For a real off-road adventure, a trip to Salmah Plateau offers a great mix of panoramic views, traditional villages and sights such as the Beehive Tombs of Al Jaylah/Shir or the entrance to Majlis Al Jinz, one of the largest cave chambers in the world.Experience Oman
Planning the trip
The Lonely Planet Oman, UAE and the Arab Peninsula guidebook contains a section with general information regarding Selmah Plateau. More detailed information can be found from traveller blogs who have visited.
According to D. Michael, “Reaching the Salmah Plateau and beyond is no walk in the park. Two hair-raising tracks, that didn’t even exist a decade ago, give access to Salmah Plateau from the seaside Route 17 between Muscat and Sur. The tracks feel little more than goat trails carved into the side of the mountain, but over the years improvements have been made to both tracks to better control the rate of erosion to the tracks during rains. Nonetheless, a proper 4WD with selectable low-range is required to grunt your way up the mountain, and safely back down”.

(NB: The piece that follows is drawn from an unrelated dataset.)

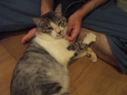 土日は実家に帰省していました。その実家にて、 初対面、というわけではありませんが、先日飼い猫になったぶっち氏(男性)に会う。

Exploring the area will require a GPS due to the lack of signage. In our trip we used a Garmin eTrex 10 and downloaded an offline map using the Google Maps application. A blog post from Claire included a number of coordinates that we used and offered us good advice on how to plan our trip.
If you are visiting in the winter months, make sure you have plenty of fire wood and warm clothing as it can get very cold at night.
The two tracks leading up to the plateau are accessible via route 17 (Muscat – Sur). The northern track is closer to Muscat, where the southern track is closer to Sur. The two tracks meet at the village of Qurun. In our trip, we used the northern track (entry location below) to ascend and descend from the plateau.
We went there on a Suzuki Vitara 1.6L 4×4 but almost got stuck on the final steep incline of the ascent due to the surface degradation. With the help of some fellow travellers we eventually made it to the top. Therefore we would highly recommend that you use a proper 4×4 and have plenty of off-road driving experience before attempting the ascend.
We arrived at the top an hour before sunset and found a camping spot facing the sea with a tremendous view of wadi Fins. The next morning we charted an exploration route using the offline google map we have downloaded previously and used a handheld GPS due to the fact that there was virtually no mobile signal anywhere.
The combination of Garmin eTrex 10 and google offline maps offered us a reliable navigation tool and we managed to avoid getting lost or wandering off on the wrong direction. However, the road network in this area is not very extensive. By studying the offline map you should be able to mark the turn-off for the various attractions around the plateau.
Things to see
The main attractions of Selmah plateau are marked on google maps (incl. Majils Al jin, Jaylah Beehive tombs and others). However, driving around is an attraction in itself. The landscape makes you realise that this is one of the most inhospitable places on earth, yet you are driving towards/from pre-historic tombs which speaks for the resilience of humankind.
Driving around felt like exploring Mars without a space suite. The geology of the area is fascinating to say the least. This mountain range evolved separately from the western Hajir. Erosion is the master here, it painted the landscape and hollowed out the caves. Majlis Al Jin, one of the largest cavern systems in the world is the masterpiece. But due to its remoteness and association with jin, it sadly does not get the attention it truly deserves. Arriving at the cave entrance, a 120 m drop into darkness, we were greeted by children selling dried herbs (zaatar). There was an eroded sign from the ministry of tourism which had useful information about the cavern system.
In addition to geology, Salmah plateau will surprise you with the amount of animal and wild life. You will find yourself stumbling upon goats, donkeys and camels as you drive around the barren landscape. And if you are lucky you will spot a vulture or two.
A visit to the plateau will not be complete without wild camping. There are various camping spots that face the sea, and others off-track from the beehive tombs.